• What you will do
Your answer must be the full listing, reproduced exactly, minus any pictures.

• Supplied information

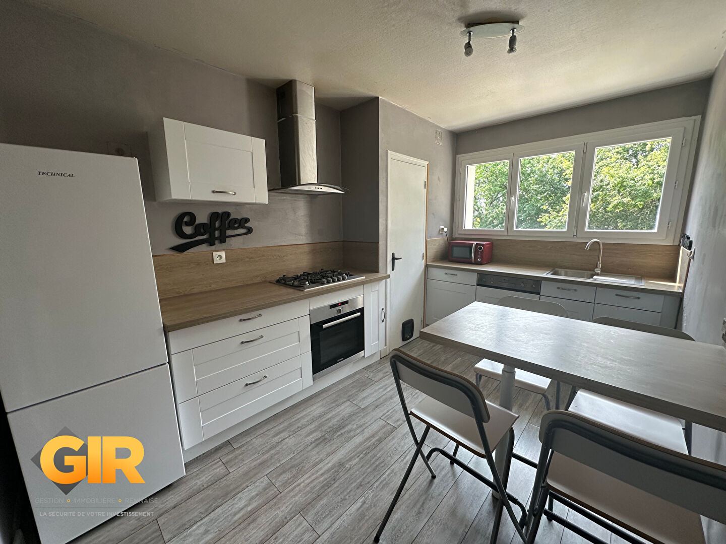 Une cuisine aménagée et équipée (plaques, hottes, frigo, micro-onde, four), une salle d'eau, une loggia avec...
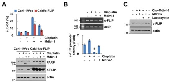 Figure 4. Combined treatment of mdivi-1 plus cisplatin inhibits c-FLIP expression at the transcription level. (A) Vector cells and c-FLIP-overexpressing cells were treated with 10 μM mdivi-1 alone, 20 μM cisplatin alone, or mdivi-1 plus cisplatin for 24 h. (B) Caki-1 cells were treated with 10 μM mdivi-1 alone, 20 μM cisplatin alone, or mdivi-1 plus cisplatin for 24 h. The mRNA expression and promoter activity were detected using reverse transcription polymerase chain reaction (RT-PCR) and luciferase activity kits, respectively. (C) Caki-1 cells were treated with 10 μM mdivi-1 plus 20 μM cisplatin in the presence or absence of 0.5 μM MG132 or 2.5 μM lactacystin for 24 h. The sub-G1 population and protein expression were detected by flow cytometry (A) and Western blotting (A,C), respectively. The values in graph (A,B) represent the mean ± SEM of three independent experiments. * p < 0.01 compared to the mdivi-1 plus cisplatin in Caki-1/Vec. # p < 0.01 compared to the control.
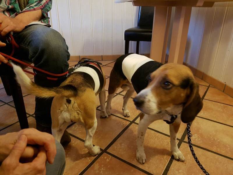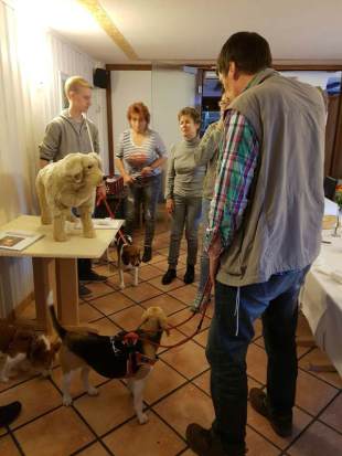 Unsere Frauchen und Herrchen setzten sich nun an die Tische, wir Beagle suchten uns einen Platz darunter. Die Dame erklärte, was unsere Herrchen und Frauchen tun müssen, wenn es uns nicht gut geht. Unsere Besitzer hörten aufmerksam zu.
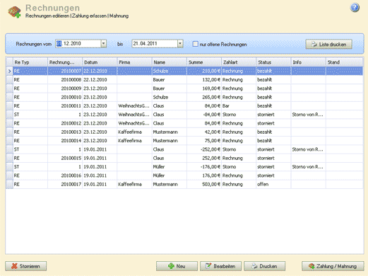 Zahlungen zu Rechnungen erfasst und Mahnungen gedruckt werden. (Siehe Punkt "Zahlungen/Mahnungen")

• Reply to the exercise
 Une cuisine aménagée et équipée (plaques, hottes, frigo, micro-onde, four), une salle d'eau, une loggia avec...
 Figure 4. Combined treatment of mdivi-1 plus cisplatin inhibits c-FLIP expression at the transcription level. (A) Vector cells and c-FLIP-overexpressing cells were treated with 10 μM mdivi-1 alone, 20 μM cisplatin alone, or mdivi-1 plus cisplatin for 24 h. (B) Caki-1 cells were treated with 10 μM mdivi-1 alone, 20 μM cisplatin alone, or mdivi-1 plus cisplatin for 24 h. The mRNA expression and promoter activity were detected using reverse transcription polymerase chain reaction (RT-PCR) and luciferase activity kits, respectively. (C) Caki-1 cells were treated with 10 μM mdivi-1 plus 20 μM cisplatin in the presence or absence of 0.5 μM MG132 or 2.5 μM lactacystin for 24 h. The sub-G1 population and protein expression were detected by flow cytometry (A) and Western blotting (A,C), respectively. The values in graph (A,B) represent the mean ± SEM of three independent experiments. * p < 0.01 compared to the mdivi-1 plus cisplatin in Caki-1/Vec. # p < 0.01 compared to the control.
 Unsere Frauchen und Herrchen setzten sich nun an die Tische, wir Beagle suchten uns einen Platz darunter. Die Dame erklärte, was unsere Herrchen und Frauchen tun müssen, wenn es uns nicht gut geht. Unsere Besitzer hörten aufmerksam zu.
 Zahlungen zu Rechnungen erfasst und Mahnungen gedruckt werden. (Siehe Punkt "Zahlungen/Mahnungen")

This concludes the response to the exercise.